## Exercise brief
Give again, word for word, only the lines of the material below from its first line through the one that holds "Give your living"; pictures stay out.

## Dataset extract
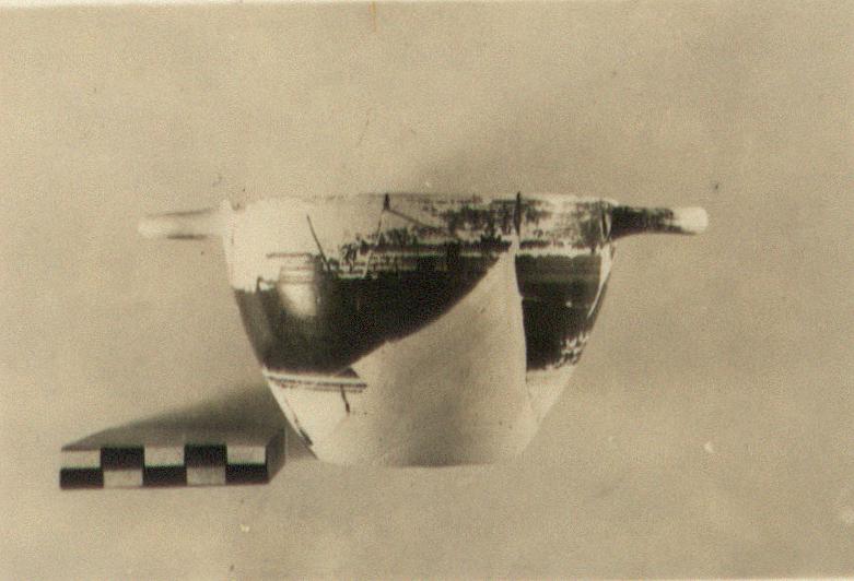 | Description: | Base missing, and much of walls. Restored in plaster. Similar to P 7144 in shape and decoration; but handle zone set off below by triple line of added purple, with a white line above and below. Glaze brownish-black, much peeled. Protocorinthian. ADDENDA P 7144: Low ring foot; rays above. Above rays, three fine glazed lines; the upper body glazed. Handle zone set off below by fine line of added white, and handle panels by fine vertical white lines. | |
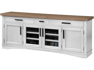 Give your living area and instant refresh with the addition of the Americana Modern 76-inch TV Console with Power Center. A tastefully designed media option, it features closed storage, glass doors for media components, and a fresh cotton white finish accented with a contrasting wood-grain top and metal hardware. With a nod to early craftsman design and today's popular farmhouse aesthetic, Americana Modern is the essence of timeless style.
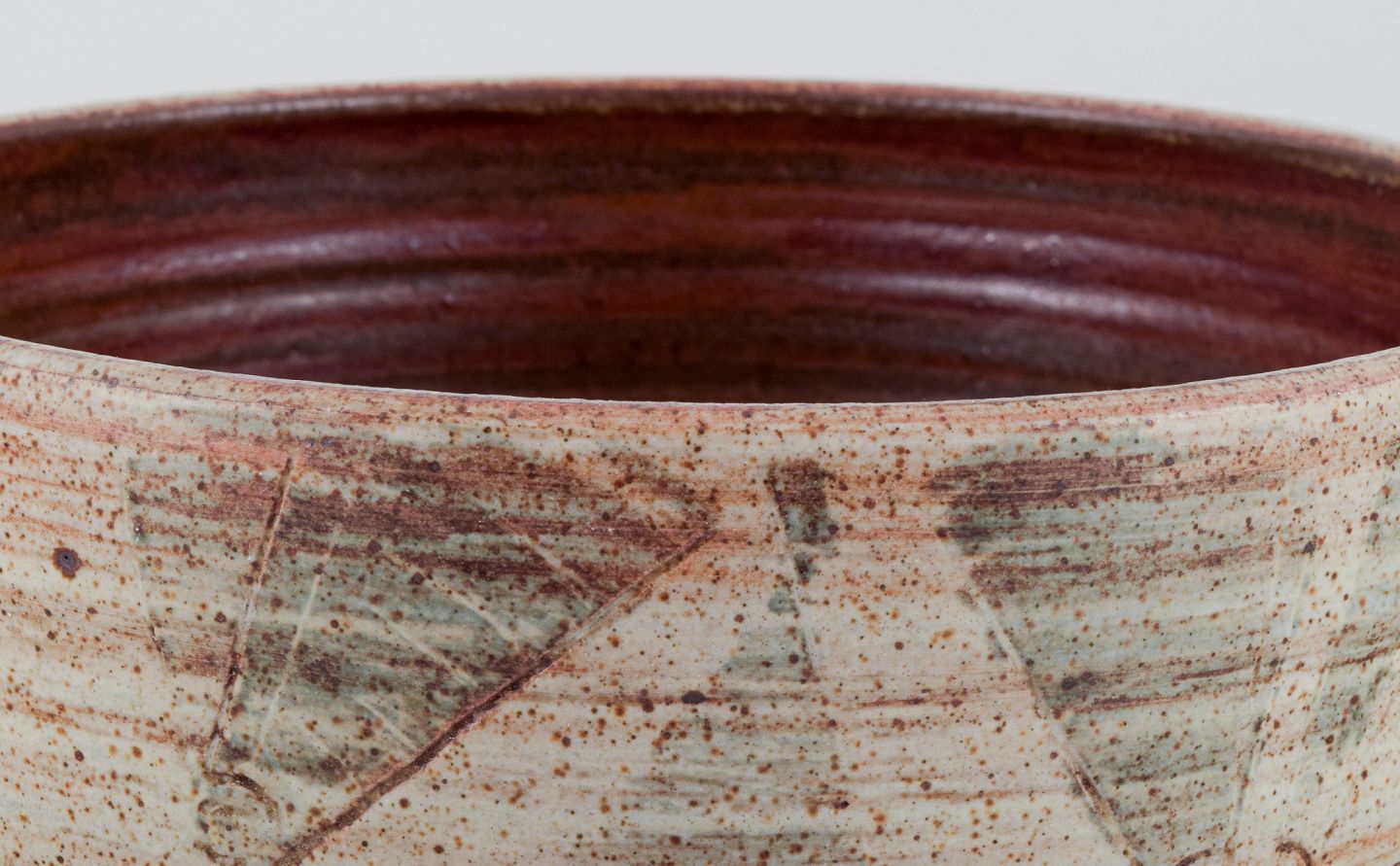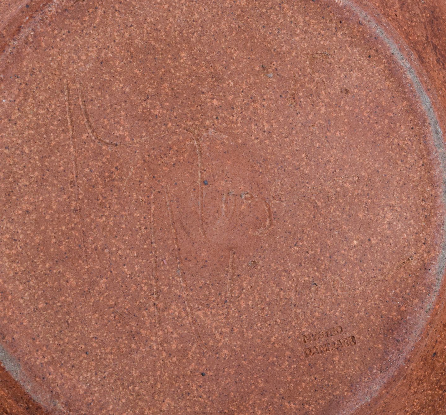 Mogens Nielsen, Nysted, Denmark, large handmade ceramic bowl decorated with abstract motifs. Glazed in brown tones.1978.

## Answer to this task
 | Description: | Base missing, and much of walls. Restored in plaster. Similar to P 7144 in shape and decoration; but handle zone set off below by triple line of added purple, with a white line above and below. Glaze brownish-black, much peeled. Protocorinthian. ADDENDA P 7144: Low ring foot; rays above. Above rays, three fine glazed lines; the upper body glazed. Handle zone set off below by fine line of added white, and handle panels by fine vertical white lines. | |
 Give your living area and instant refresh with the addition of the Americana Modern 76-inch TV Console with Power Center. A tastefully designed media option, it features closed storage, glass doors for media components, and a fresh cotton white finish accented with a contrasting wood-grain top and metal hardware. With a nod to early craftsman design and today's popular farmhouse aesthetic, Americana Modern is the essence of timeless style.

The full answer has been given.